Health Council of Canada
- Founded: 2003-2014
- Type: Nonprofit organization
- Focus: Health, Health Care System, Medicare (Canada)
- Location: Toronto, Ontario, Canada;
- Key people: Council Chair, Dr. Jack Kitts; Health Council of Canada CEO, John G. Abbott; Health Council of Canada COO, Kathryn MacDonald
- Website: healthcouncilcanada.ca

= Health Council of Canada =

The Health Council of Canada was a national, independent, public reporting agency based in Toronto, Ontario, Canada. Announced as part of the 2003 First Ministers' Accord on Health Care Renewal with a mandate to report publicly to Canadians, the Health Council provided a system-wide perspective on health care reform related to the 2003 Accord’s policy and program commitments as well as those contained in the 2004 10-Year Plan to Strengthen Health Care. In 2010, the Health Council’s mandate was expanded to include the nationwide dissemination of information on best practices and innovation in health care.

== History ==
Created in 2003, the Health Council of Canada produced more than 60 reports on a variety of health care themes, such as Aboriginal health, access and wait times, health promotion, health system performance, home and community care, pharmaceuticals management, and primary health care.

The work of the Health Council of Canada was funded by Health Canada, overseen by 13 independent councillors and one ex-officio councillor appointed by the federal, provincial, and territorial governments (excluding the Government of Quebec), and supported by a professional secretariat based in Toronto.

In addition to its reports, the Health Council of Canada assessed and highlighted innovations that were contributing to a higher-quality health care system in a searchable database called the Health Innovation Portal. Launched in November 2012, the portal featured practices, policies, programs and services that could be scaled up or adopted elsewhere in Canada, ideally to improve health outcomes in the most cost-effective manner possible. Notable features of the portal included a searchable database with more than 400 innovative practices covering a range of health care themes, a user-friendly search function, and customizable outputs for health policy researchers.

The Health Council also hosted national symposia, roundtables and town halls on critical health care topics such as system sustainability, health human resources, integrated care, patient engagement, and quality improvement. It continually engaged key stakeholders on important health policy issues in its work, online and through its social media channels. The Health Council was also an active contributor to the online Evidence Network for health care journalists and researchers as well as McMaster University’s Evidence-Informed Healthcare Renewal (EIHR) portal.
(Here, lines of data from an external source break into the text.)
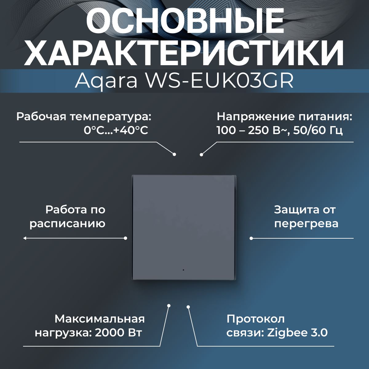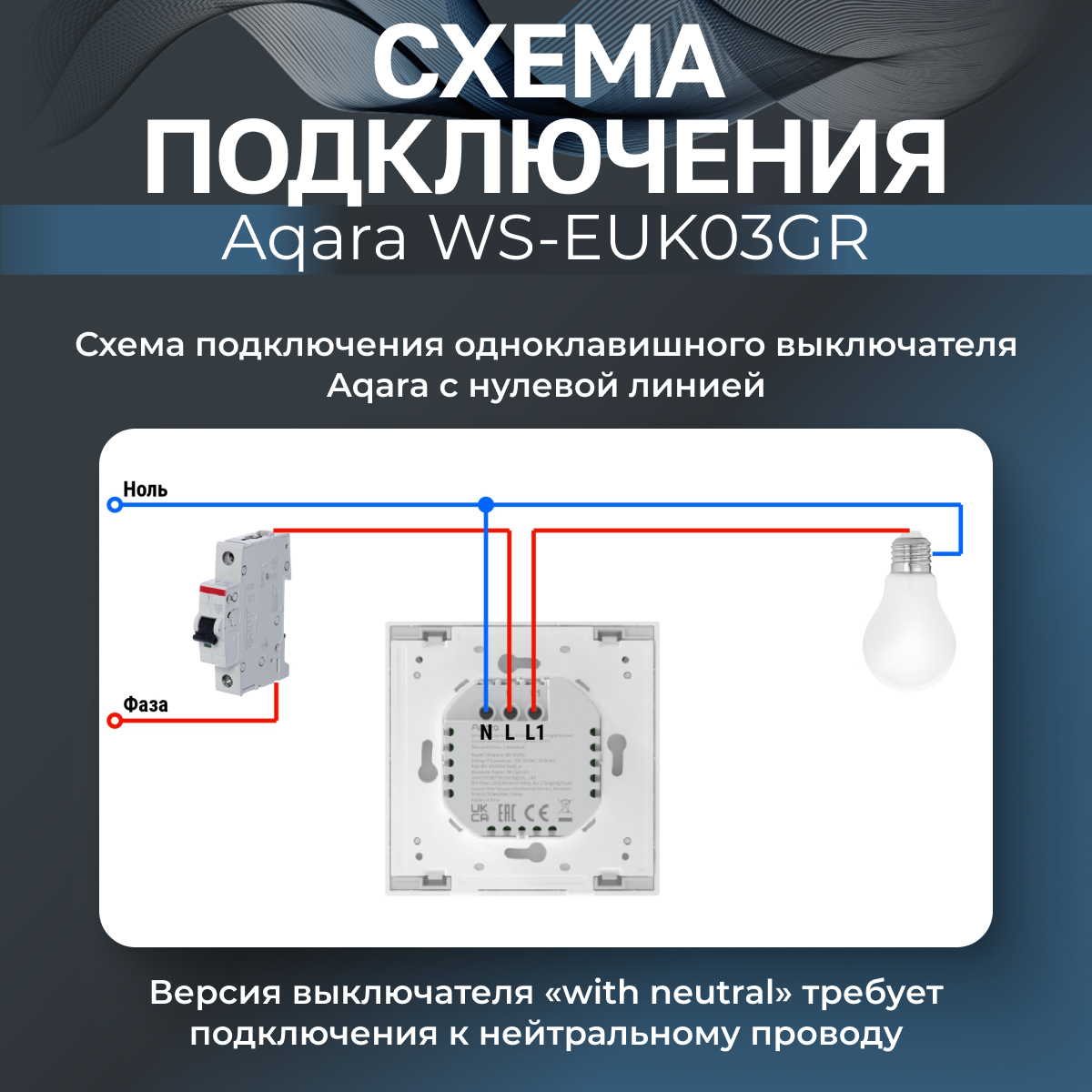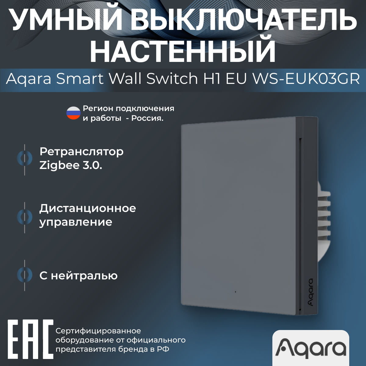 AQARA Умный настенный выключатель H1 EU(с нейтралью, 1 клавиша), модель WS-EUK03, цвет: графит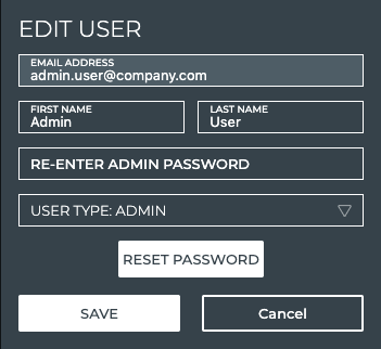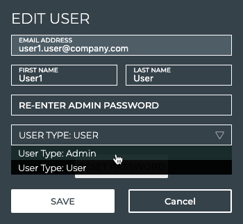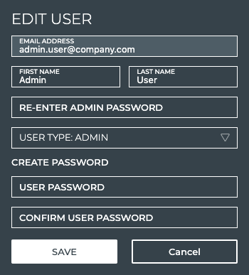 Re-enter the user password. Tip: If the password you enter does not match, Save is gray (not activated).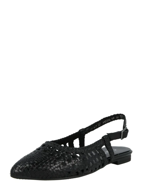 Design: Gevoerd, Verstelbare riemen; Type sluiting: Riemsluiting; Materiaal: Leer; Motief: Effen; Materiaal: Glad leer; Schoenneus: Spitse neus; Extra’s: Gevlochten structuur, Flexibele zool; Hakhoogte: Platte hak (0-3 cm)

In April 2013, the federal government announced that its funding for the Health Council of Canada would end after March 2014. According to the federal government, with the end of the accords in 2014, the Health Council had completed its mandate.
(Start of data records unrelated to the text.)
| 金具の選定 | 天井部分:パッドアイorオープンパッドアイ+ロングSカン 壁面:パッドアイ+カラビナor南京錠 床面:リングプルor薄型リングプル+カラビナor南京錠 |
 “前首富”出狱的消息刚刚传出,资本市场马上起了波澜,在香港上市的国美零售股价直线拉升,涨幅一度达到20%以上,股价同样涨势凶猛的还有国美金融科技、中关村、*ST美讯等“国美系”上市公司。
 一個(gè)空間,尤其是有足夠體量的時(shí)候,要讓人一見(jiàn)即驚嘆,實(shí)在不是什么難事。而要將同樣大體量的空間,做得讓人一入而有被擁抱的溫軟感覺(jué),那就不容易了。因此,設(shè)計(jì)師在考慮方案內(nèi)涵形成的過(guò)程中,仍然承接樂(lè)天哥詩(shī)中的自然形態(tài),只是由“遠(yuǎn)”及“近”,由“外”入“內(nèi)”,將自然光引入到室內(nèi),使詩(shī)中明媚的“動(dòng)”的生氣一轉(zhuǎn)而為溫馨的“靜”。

In September 2013, an independent evaluation conducted by KPMG found that "the Health Council is the top [Canadian] organization that comes to mind among its key audiences when it comes to seeking information on both health system performance and innovative practices in health care." The Health Council of Canada’s work will still be available online. Content from the Health Innovation Portal has been transferred to Accreditation Canada’s leading practices database, and the Health Council’s website is archived online.

== Select publications ==
HCC publications include "Better health, better care, better value for all: Refocusing health care reform in Canada", Progress reports, the Canadian Health Care Matters series, Aboriginal health reports, "Seniors in need, caregivers in distress: What are the home care priorities for seniors in Canada?" and "Innovative Practices Evaluation Framework."